_WORK REQUIRED_: Everything from the first line of the data below through the line that contains "A BROS szúnyogirtó" should be written out exactly, please, and nothing more; the pictures stay out.
-------- DATA
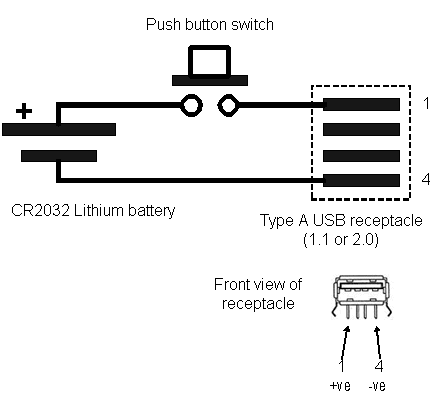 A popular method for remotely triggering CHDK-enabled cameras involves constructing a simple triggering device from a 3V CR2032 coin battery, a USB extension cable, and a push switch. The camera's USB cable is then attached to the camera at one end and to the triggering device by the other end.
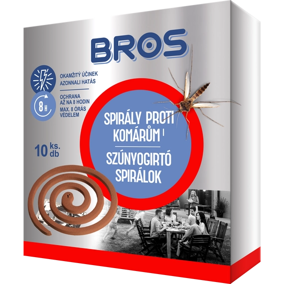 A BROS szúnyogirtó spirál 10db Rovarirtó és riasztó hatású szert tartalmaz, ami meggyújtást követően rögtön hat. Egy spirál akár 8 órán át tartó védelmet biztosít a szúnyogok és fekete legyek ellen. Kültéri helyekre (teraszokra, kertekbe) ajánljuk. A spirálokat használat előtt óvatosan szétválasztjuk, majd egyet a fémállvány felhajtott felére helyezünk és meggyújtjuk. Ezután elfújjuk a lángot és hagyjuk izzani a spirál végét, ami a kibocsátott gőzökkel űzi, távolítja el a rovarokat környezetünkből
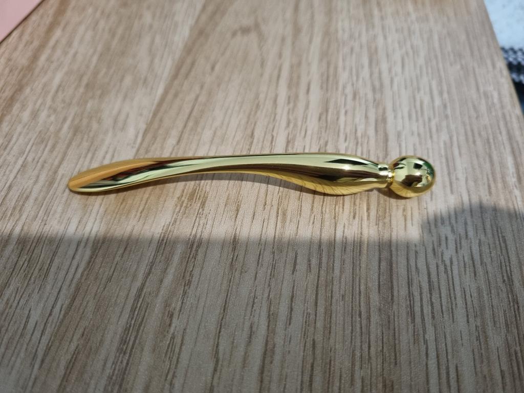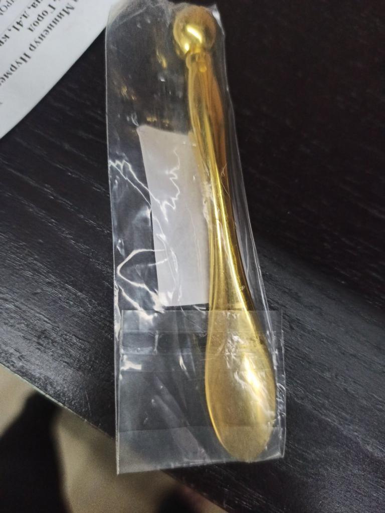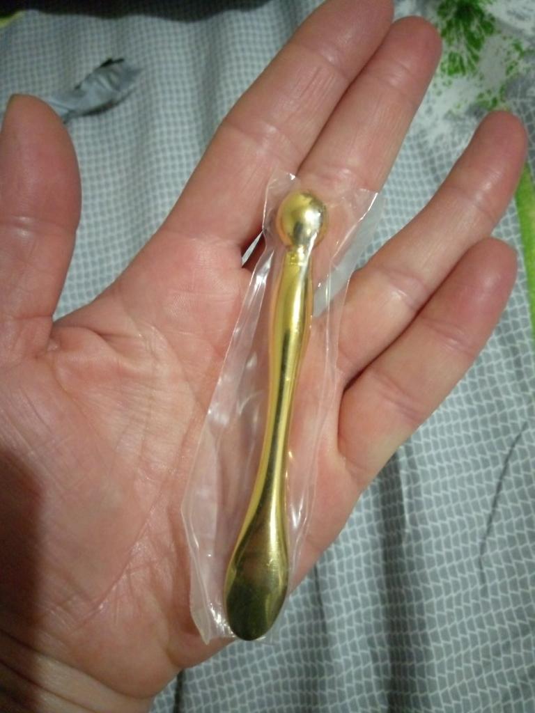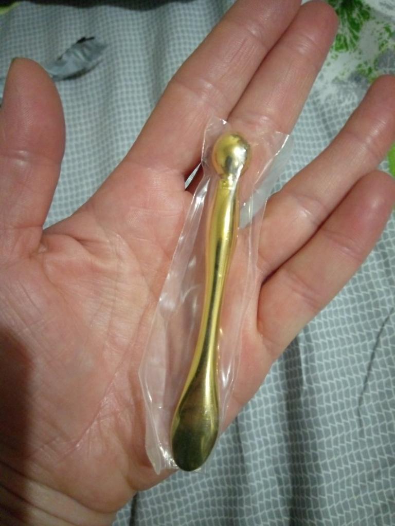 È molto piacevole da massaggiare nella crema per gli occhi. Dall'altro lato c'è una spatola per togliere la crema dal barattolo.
----------------
_TASK SOLUTION_:
 A popular method for remotely triggering CHDK-enabled cameras involves constructing a simple triggering device from a 3V CR2032 coin battery, a USB extension cable, and a push switch. The camera's USB cable is then attached to the camera at one end and to the triggering device by the other end.
 A BROS szúnyogirtó spirál 10db Rovarirtó és riasztó hatású szert tartalmaz, ami meggyújtást követően rögtön hat. Egy spirál akár 8 órán át tartó védelmet biztosít a szúnyogok és fekete legyek ellen. Kültéri helyekre (teraszokra, kertekbe) ajánljuk. A spirálokat használat előtt óvatosan szétválasztjuk, majd egyet a fémállvány felhajtott felére helyezünk és meggyújtjuk. Ezután elfújjuk a lángot és hagyjuk izzani a spirál végét, ami a kibocsátott gőzökkel űzi, távolítja el a rovarokat környezetünkből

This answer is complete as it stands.